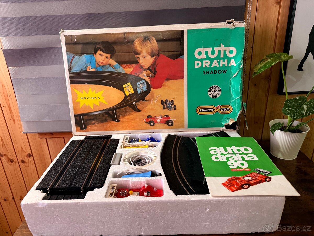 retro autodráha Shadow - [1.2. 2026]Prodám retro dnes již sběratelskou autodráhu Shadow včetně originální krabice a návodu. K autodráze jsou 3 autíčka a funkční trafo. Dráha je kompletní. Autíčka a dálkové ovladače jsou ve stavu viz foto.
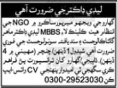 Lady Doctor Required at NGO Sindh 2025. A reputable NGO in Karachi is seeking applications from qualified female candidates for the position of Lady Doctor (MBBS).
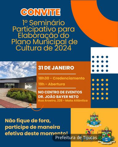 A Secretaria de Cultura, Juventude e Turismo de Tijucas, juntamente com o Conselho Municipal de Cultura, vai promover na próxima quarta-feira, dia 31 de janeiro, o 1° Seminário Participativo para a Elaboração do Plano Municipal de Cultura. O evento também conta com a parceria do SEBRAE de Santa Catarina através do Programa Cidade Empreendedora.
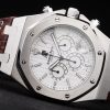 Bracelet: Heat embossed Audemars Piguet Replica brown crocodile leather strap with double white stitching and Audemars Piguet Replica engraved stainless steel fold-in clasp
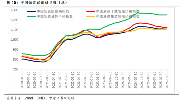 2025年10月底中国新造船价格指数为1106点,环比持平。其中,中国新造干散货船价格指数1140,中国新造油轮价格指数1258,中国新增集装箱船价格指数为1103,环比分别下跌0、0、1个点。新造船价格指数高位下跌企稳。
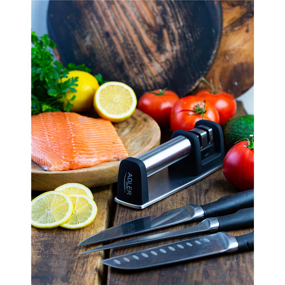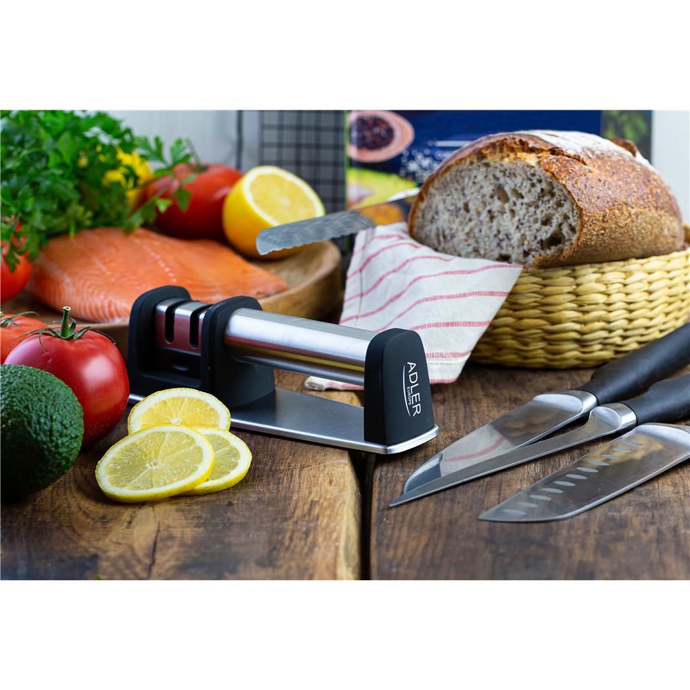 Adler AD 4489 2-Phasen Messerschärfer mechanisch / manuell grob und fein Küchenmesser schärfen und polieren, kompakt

ASSIGNMENT:
Copy the listing above in full and exactly, but omit each picture that it holds.

REPLY:
 retro autodráha Shadow - [1.2. 2026]Prodám retro dnes již sběratelskou autodráhu Shadow včetně originální krabice a návodu. K autodráze jsou 3 autíčka a funkční trafo. Dráha je kompletní. Autíčka a dálkové ovladače jsou ve stavu viz foto.
 Lady Doctor Required at NGO Sindh 2025. A reputable NGO in Karachi is seeking applications from qualified female candidates for the position of Lady Doctor (MBBS).
 A Secretaria de Cultura, Juventude e Turismo de Tijucas, juntamente com o Conselho Municipal de Cultura, vai promover na próxima quarta-feira, dia 31 de janeiro, o 1° Seminário Participativo para a Elaboração do Plano Municipal de Cultura. O evento também conta com a parceria do SEBRAE de Santa Catarina através do Programa Cidade Empreendedora.
 Bracelet: Heat embossed Audemars Piguet Replica brown crocodile leather strap with double white stitching and Audemars Piguet Replica engraved stainless steel fold-in clasp
 2025年10月底中国新造船价格指数为1106点,环比持平。其中,中国新造干散货船价格指数1140,中国新造油轮价格指数1258,中国新增集装箱船价格指数为1103,环比分别下跌0、0、1个点。新造船价格指数高位下跌企稳。
 Adler AD 4489 2-Phasen Messerschärfer mechanisch / manuell grob und fein Küchenmesser schärfen und polieren, kompakt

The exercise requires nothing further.